Tensorflow not predicting accurate enough results

问题

I have some fundamental questions about the algorithms I picked in my Tensorflow project. I fed in around 1 million sets of training data and still couldn't get the accurate enough prediction results.

The code I am using is based on an old Tensorflow example (https://github.com/tensorflow/tensorflow/blob/r1.3/tensorflow/examples/tutorials/estimators/abalone.py).
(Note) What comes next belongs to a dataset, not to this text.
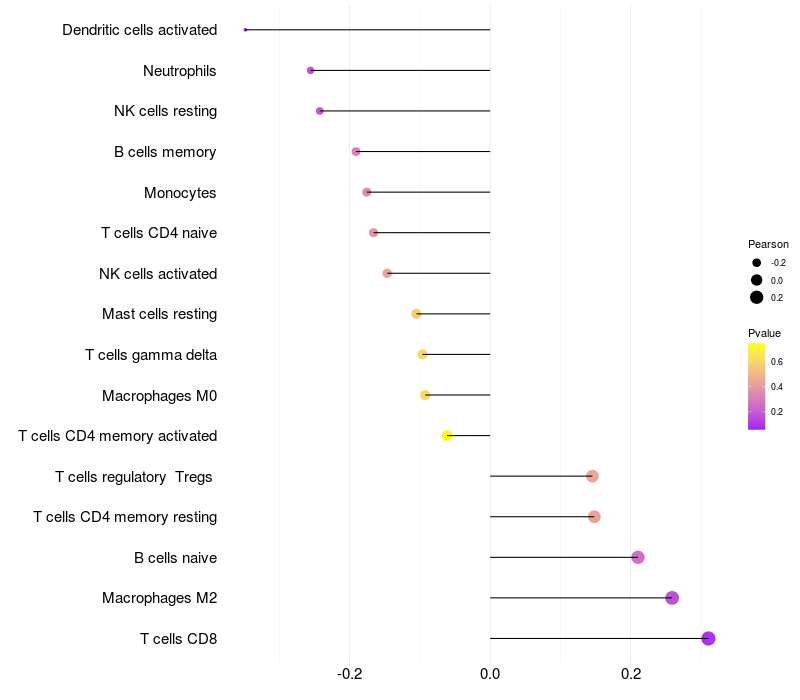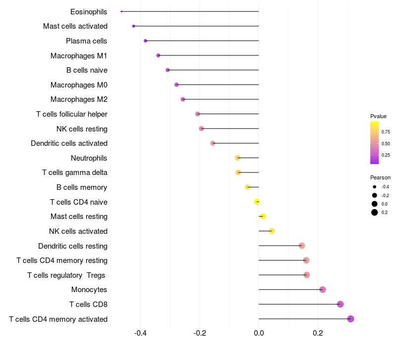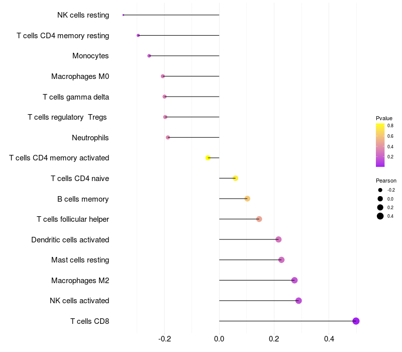 Lollipop of VAMP4 expression and immune infiltrating cell level correlation result in HTLV1+ samples

The goal of this example is to predict the age of an abalone based on the training features provided.

My purpose is very similar. The only difference is that I have more labels(6) compared to my features(4). Since the predictions after training are way off, the concern of the feasibility of this project is starting to raise some concerns.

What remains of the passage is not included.